• [Information provided]:
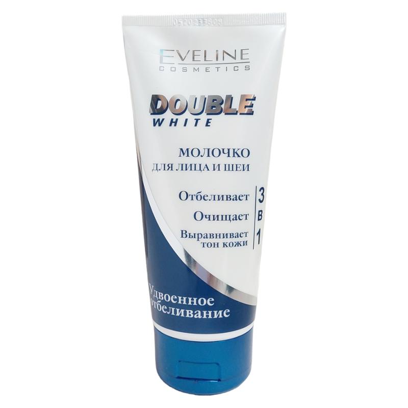 Молочко для снятия макияжа 200 мл. отбеливающее 3в1 Eveline Double white Эвелин Молочко для лица и шеи 3 в 1 "Удвоенное Отбеливание" Eveline Cosmetics Double White - нежный косметический препарат, который прекрасно устраняет водостойкий макияж, не нарушает натурального рН баланса и сохраняет гидролипидный слой кожного покрова. Состав средства обогащен молочной кислотой, лактатом аммония, экстрактами лимона и петрушки, которые эффективно регулируют и сдерживают выработку меланина, стимулируя его равномерное распределение в коже и предупреждая появление новых пигментных изменений. Препарат способствуют радикальному восстановлению и отшелушиванию отмерших клеток, избавляет от более пигментированных, придавая эпидермису прекрасный оттенок и прозрачность. Молочко снимает ощущение усталости и напряжение, замечательно увлажняет, освежает и смягчает кожу.
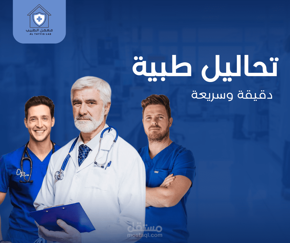 الاعتماد على اللون الأزرق كلون أساسي لما يحمله من دلالة على الثقة والاحتراف في المجال الطبي
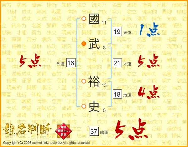 國武裕史さんの総運は37画の5点!
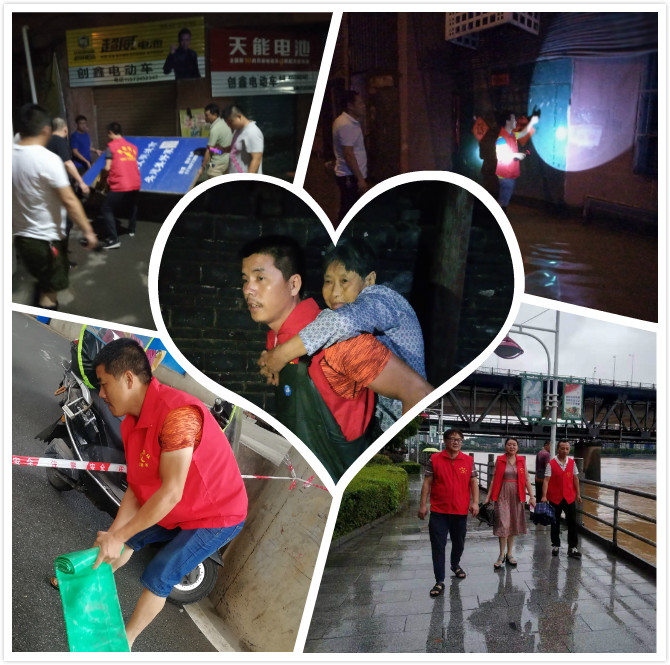 洪水无情人有情,到处有红马甲留给我们感动的身影。广东路街道通过宣传动员,号召广大“衡阳群众”参与到这场防汛救灾战役中。一些内涝点的“衡阳群众”积极开展自救,协助街道社区疏散群众。部分“衡阳群众”志愿者主动参与社区灾情和河堤巡查,协助开展应急救灾行动。荷花坪社区的普通党员段峥嵘,是一名退伍军人,退伍不褪色,主动参与到荷花坪内涝点的救灾抢险行动中,无私奉献,和街道社区干部一起奋斗在内涝点排积水一线,10日晚上,在疏散内涝点的群众时,他冲锋在前,挨家挨户的敲门通知没有转移的群众,当他把一位行动不便的老奶奶背出来转移到安全的地方后,他已精疲力尽。他用责任守护着受灾群众的安全,用行动诠释了“衡阳群众有你最美”内涵。
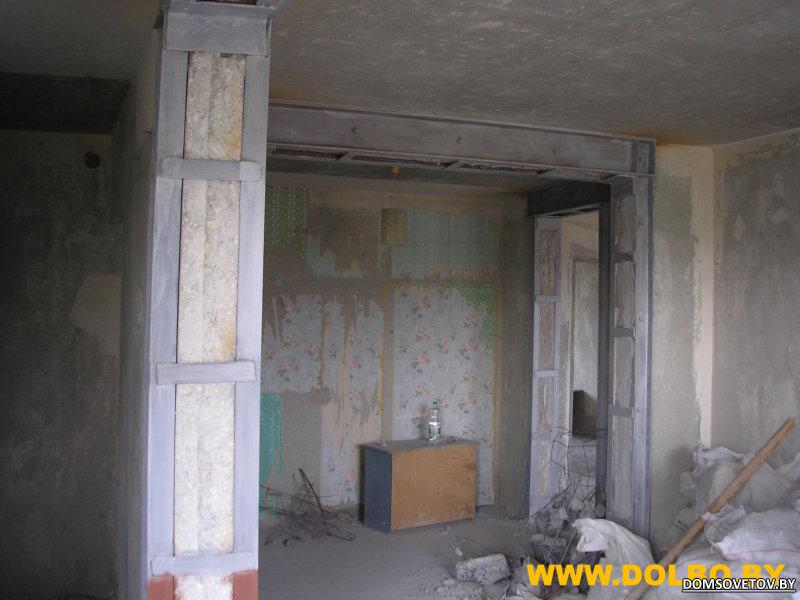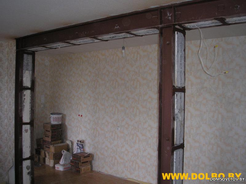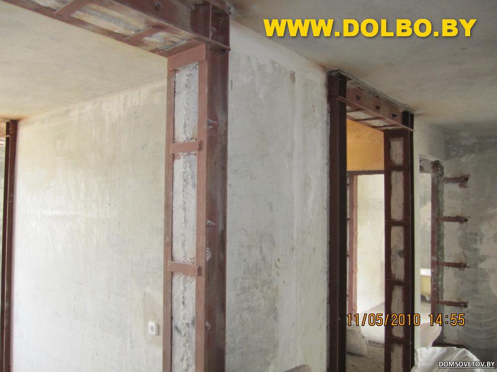 Двухрядовое (портальное) усиление опорными металлическими рамами из швеллеров. http://www.dolbo.by/images/stories/s...proem_anim.gif Наиболее распространенный для панельных домов метод. Область применения: • Проемы в железобетонных стенах панельных домов; • Проемы в железобетонных стенах монолитных домов; • Проемы в несущих стенах кирпичных, каракасно-блочных домов. http://www.domsovetov.by/picture.php...pictureid=1020 http://www.domsovetov.by/picture.php...pictureid=1029 http://www.domsovetov.by/picture.php...pictureid=1028 Порядок производства работ (ППР) (точно определяется только утвержденным проектом):
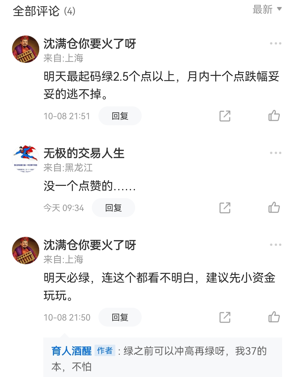温馨提示: 1.根据《证券法》规定,禁止编造、传播虚假信息或者误导性信息,扰乱证券市场;2.用户在本社区发表的所有资料、言论等仅代表个人观点,与本网站立场无关,不对您构成任何投资建议。用户应基于自己的独立判断,自行决定证券投资并承担相应风险。《东方财富社区管理规定》
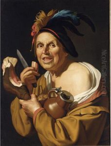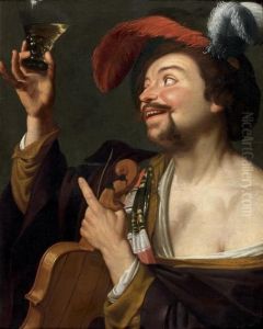 A Laughing Violinist, Half-length, Wearing A Blue And Yellow Striped Doublet And A Plumed Cap, With A Violin Tucked Under His Arm
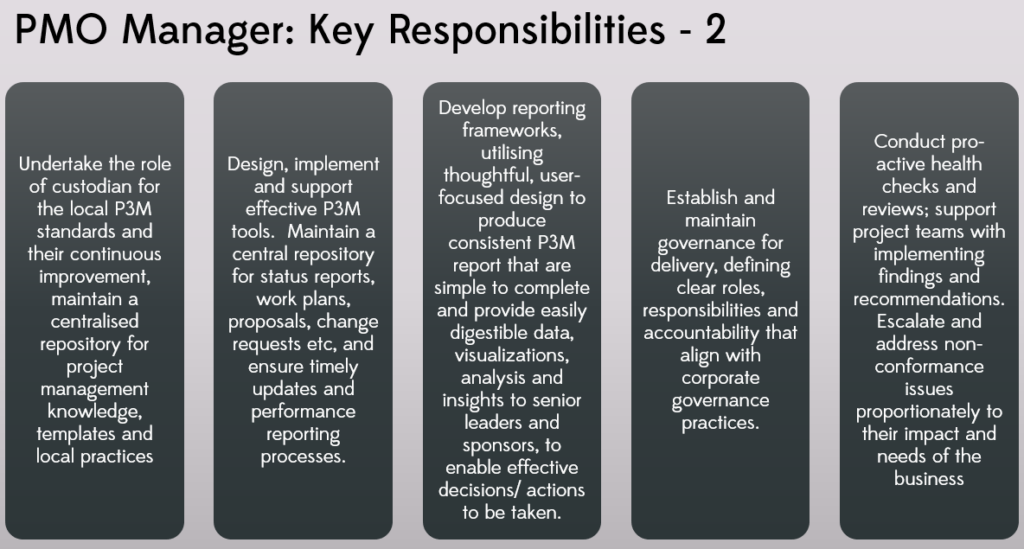 The PMO Manager role is all about taking responsibility for overseeing the operations and functions of the PMO which includes determining which PMO services are offered.
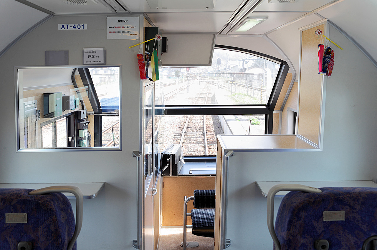 오자토로 전망 열차는 트롤리 차량과 전망 차량을 연결하여 운행하는 관광 열차이다.
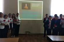 22 апреля в рамках проведения мероприятий - Уроки Мужества - посвящённых 80летию Победы в ВОВ для учащихся школы проведена беседа с просмотром фильма "Красные ленты", посвящённого Защитникам Крыма.
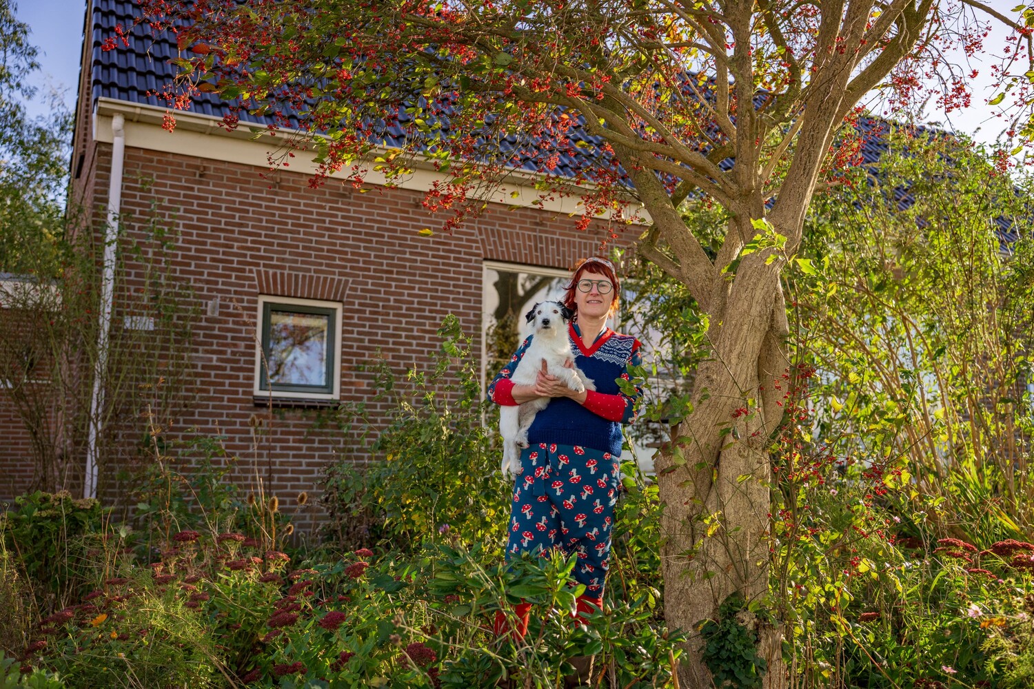 We gaan langs bij Marjan (54) die samen met haar hond Okki in Tweede Exloërmond woont. Toen onze collega Bert Roddenhof, adviseur groenbeheer en klimaatadaptatie, een kijkje kwam nemen, ontdekte hij een prachtige bloeiende en groene tuin. Met veel hergebruikte materialen en weinig bestrating. De plek waar vogels, egels en insecten zich helemaal thuis voelen. En een tuin die tegen extreme weersomstandigheden kan, zoals hoge temperaturen in de zomer en hevige regenval.
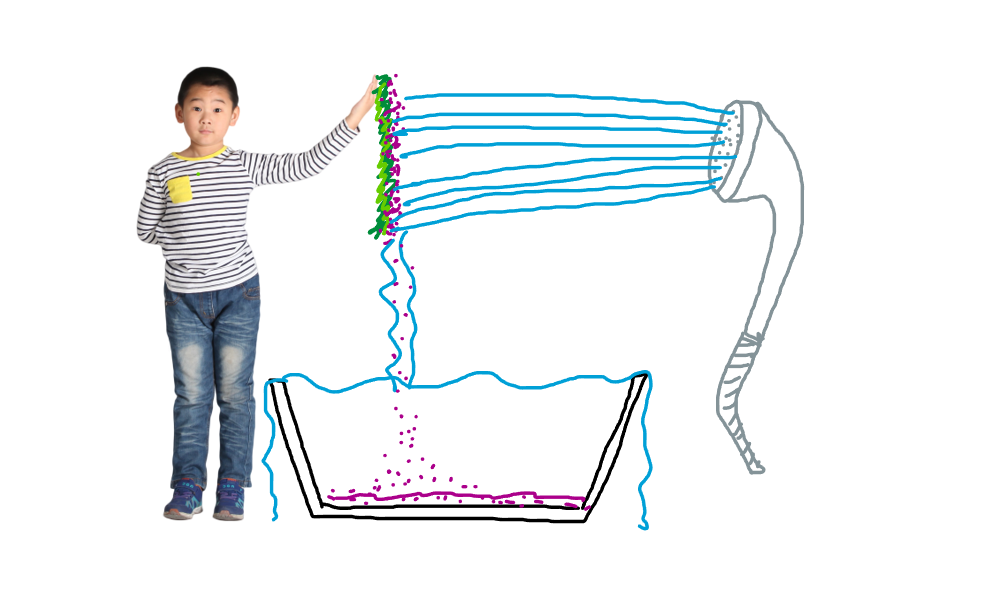 아래에 큰 통을 놔두고 물을 뿌려 수직으로 통에 떨어지게 해 주면

• [Assignment]: Every record above must be printed exactly, except for its images.

• [Reply to the exercise]:
 Молочко для снятия макияжа 200 мл. отбеливающее 3в1 Eveline Double white Эвелин Молочко для лица и шеи 3 в 1 "Удвоенное Отбеливание" Eveline Cosmetics Double White - нежный косметический препарат, который прекрасно устраняет водостойкий макияж, не нарушает натурального рН баланса и сохраняет гидролипидный слой кожного покрова. Состав средства обогащен молочной кислотой, лактатом аммония, экстрактами лимона и петрушки, которые эффективно регулируют и сдерживают выработку меланина, стимулируя его равномерное распределение в коже и предупреждая появление новых пигментных изменений. Препарат способствуют радикальному восстановлению и отшелушиванию отмерших клеток, избавляет от более пигментированных, придавая эпидермису прекрасный оттенок и прозрачность. Молочко снимает ощущение усталости и напряжение, замечательно увлажняет, освежает и смягчает кожу.
 الاعتماد على اللون الأزرق كلون أساسي لما يحمله من دلالة على الثقة والاحتراف في المجال الطبي
 國武裕史さんの総運は37画の5点!
 洪水无情人有情,到处有红马甲留给我们感动的身影。广东路街道通过宣传动员,号召广大“衡阳群众”参与到这场防汛救灾战役中。一些内涝点的“衡阳群众”积极开展自救,协助街道社区疏散群众。部分“衡阳群众”志愿者主动参与社区灾情和河堤巡查,协助开展应急救灾行动。荷花坪社区的普通党员段峥嵘,是一名退伍军人,退伍不褪色,主动参与到荷花坪内涝点的救灾抢险行动中,无私奉献,和街道社区干部一起奋斗在内涝点排积水一线,10日晚上,在疏散内涝点的群众时,他冲锋在前,挨家挨户的敲门通知没有转移的群众,当他把一位行动不便的老奶奶背出来转移到安全的地方后,他已精疲力尽。他用责任守护着受灾群众的安全,用行动诠释了“衡阳群众有你最美”内涵。
 Двухрядовое (портальное) усиление опорными металлическими рамами из швеллеров. http://www.dolbo.by/images/stories/s...proem_anim.gif Наиболее распространенный для панельных домов метод. Область применения: • Проемы в железобетонных стенах панельных домов; • Проемы в железобетонных стенах монолитных домов; • Проемы в несущих стенах кирпичных, каракасно-блочных домов. http://www.domsovetov.by/picture.php...pictureid=1020 http://www.domsovetov.by/picture.php...pictureid=1029 http://www.domsovetov.by/picture.php...pictureid=1028 Порядок производства работ (ППР) (точно определяется только утвержденным проектом):
温馨提示: 1.根据《证券法》规定,禁止编造、传播虚假信息或者误导性信息,扰乱证券市场;2.用户在本社区发表的所有资料、言论等仅代表个人观点,与本网站立场无关,不对您构成任何投资建议。用户应基于自己的独立判断,自行决定证券投资并承担相应风险。《东方财富社区管理规定》
 A Laughing Violinist, Half-length, Wearing A Blue And Yellow Striped Doublet And A Plumed Cap, With A Violin Tucked Under His Arm
 The PMO Manager role is all about taking responsibility for overseeing the operations and functions of the PMO which includes determining which PMO services are offered.
 오자토로 전망 열차는 트롤리 차량과 전망 차량을 연결하여 운행하는 관광 열차이다.
 22 апреля в рамках проведения мероприятий - Уроки Мужества - посвящённых 80летию Победы в ВОВ для учащихся школы проведена беседа с просмотром фильма "Красные ленты", посвящённого Защитникам Крыма.
 We gaan langs bij Marjan (54) die samen met haar hond Okki in Tweede Exloërmond woont. Toen onze collega Bert Roddenhof, adviseur groenbeheer en klimaatadaptatie, een kijkje kwam nemen, ontdekte hij een prachtige bloeiende en groene tuin. Met veel hergebruikte materialen en weinig bestrating. De plek waar vogels, egels en insecten zich helemaal thuis voelen. En een tuin die tegen extreme weersomstandigheden kan, zoals hoge temperaturen in de zomer en hevige regenval.
 아래에 큰 통을 놔두고 물을 뿌려 수직으로 통에 떨어지게 해 주면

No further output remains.